Most cavities are preventable through regular brushing, the use of fluoride toothpaste, and flossing. Yet prevention is not equally accessible for all families. For many children, especially those in lower-income communities, the only reliable form of cavity prevention is fluoridated water.
Over the years, municipalities have discussed removing fluoride from public water systems, often citing concerns about broader health effects. What we do know, however, is what happens when fluoridation disappears. Two well-documented cases, from Juneau, AK (2007), and Calgary, Alberta (2011), demonstrate that the consequences are measurable, inequitable, and costly.
Cavities as a chronic disease burden
Dr. Steven Spitz.
Dental caries remains among the most common chronic diseases in children. Left untreated, decay progresses to pain, infection, emergency room visits, and hospitalizations.
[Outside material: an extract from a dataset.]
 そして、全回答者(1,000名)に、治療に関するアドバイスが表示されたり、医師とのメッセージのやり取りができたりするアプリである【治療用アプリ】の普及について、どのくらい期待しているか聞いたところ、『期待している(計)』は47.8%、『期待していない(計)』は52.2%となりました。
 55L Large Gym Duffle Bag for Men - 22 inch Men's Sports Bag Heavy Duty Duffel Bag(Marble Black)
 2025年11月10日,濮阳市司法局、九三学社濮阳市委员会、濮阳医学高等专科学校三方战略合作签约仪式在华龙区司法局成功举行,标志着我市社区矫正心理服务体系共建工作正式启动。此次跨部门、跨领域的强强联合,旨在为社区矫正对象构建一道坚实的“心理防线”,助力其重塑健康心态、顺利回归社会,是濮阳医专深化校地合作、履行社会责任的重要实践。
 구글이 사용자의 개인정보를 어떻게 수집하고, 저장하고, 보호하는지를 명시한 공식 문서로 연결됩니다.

In pediatric patients, advanced disease often requires treatment under general anesthesia, a procedure that carries risk and consumes scarce surgical resources. Every preventable case adds costs for families, strains public insurance programs, and increases the workload of already taxed dental teams.
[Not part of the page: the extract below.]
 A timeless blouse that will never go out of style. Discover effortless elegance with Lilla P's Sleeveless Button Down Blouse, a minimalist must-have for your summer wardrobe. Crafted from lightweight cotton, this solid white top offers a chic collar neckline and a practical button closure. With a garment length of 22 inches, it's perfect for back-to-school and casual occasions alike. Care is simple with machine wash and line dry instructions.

Fluoridation as an equalizer
Unlike regular dental visits, fluoridated water reaches everyone. It protects children and adults regardless of income, education, or access to care. Removing this baseline preventive measure widens inequities.
Data from Medicaid programs in New York and Louisiana indicate that children in non-fluoridated areas undergo more invasive dental procedures, including hospital-based treatment, than their peers with access to fluoridated water. For rural and low-income communities, where dental provider shortages are common, losing this preventive shield is especially damaging.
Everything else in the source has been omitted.